- Founded: 2001; 25 years ago
- Country: Pakistan
- Branch: Pakistan Navy
- Type: Research and development
- Role: Military science and technology
- Part of: Joint Strategic Planning, JS HQ
- Garrison/HQ: Islamabad, Pakistan
- Nickname: MTC

Commanders
- Director-General: R-Admn. Kamran Ahmed

= Maritime Technologies Complex =

Weapons development complex for Pakistan Navy

The Maritime Technologies Complex (reporting name: MTC) is a corporate research and development complex for the Pakistan Navy. The complex was established in 2000 by the Pakistan Navy. It is located in Islamabad and has a research institute based in Karachi, Sindh.

The Maritime Technologies Complex is a naval weapons development complex where the programmatic guidance is directed by the navy, but the complex is managed and operated as a division under the civilian contract of National Engineering & Scientific Commission (NESCOM).

==Overview==

The Maritime Technologies Complex (MTC) is a research and development complex for the Pakistan Navy but it managed and operated under the civilian contract awarded to the National Engineering & Scientific Commission (NESCOM).

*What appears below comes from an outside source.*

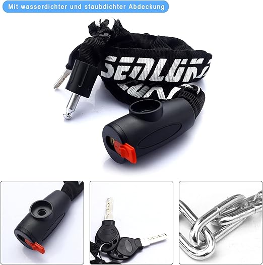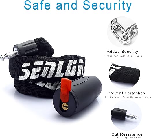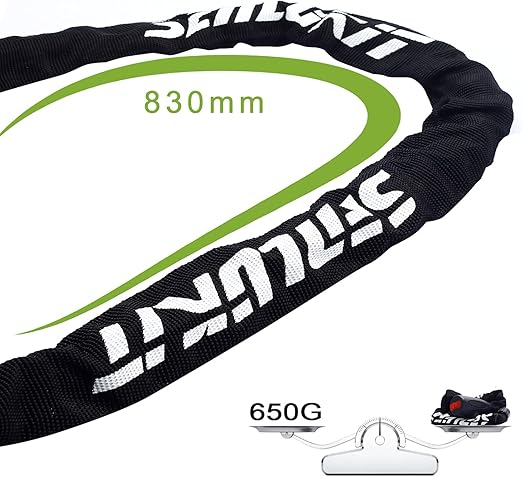 Bisikletinizi bir ağaç, kapı, çit, korkuluk, kalın çubuk ve diğerlerine sabitlemek için yeterince uzun 93 cm. Kilit aynı zamanda motosiklet, scooter, kaykay, ızgara, merdiven, kapı, çim biçme makinesi ve daha birçok başka için de kullanılabilir.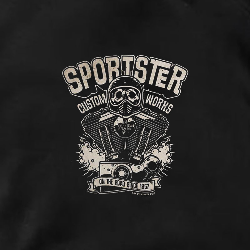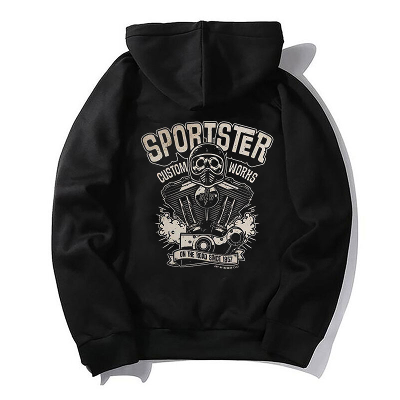 SPORTSTER CUSTOM WORKS Skull with Helmet Casual Black Print Hoodie

In early 2002, the Maritime Technologies Complex collaborated army's National Defence Complex (NDC) working on the explosives engineering technologies and assisted in developing the sophisticated naval mines and other area denial measures.

The complex also worked with private defense contractors in designing and developing the advanced towed array sonar to identify and capture the acoustic or radar signatures of the enemy submarines in the Indian Ocean.

The MTC closely worked with China State Shipbuilding Corporation in designing the Azmat-class fast attack craft for Pakistan Navy's specifications and standards. The MTC also worked with Turkey in designing the Babur-class warships for Pakistan Navy's specifications and standards. In 2020, it was reported that the complex had been working on rocket engine development for navy's missile program.

In 2016, the MTC was listed as export-controlled sanction by the U.S. government for its alleged involvement in Pakistan's missile program.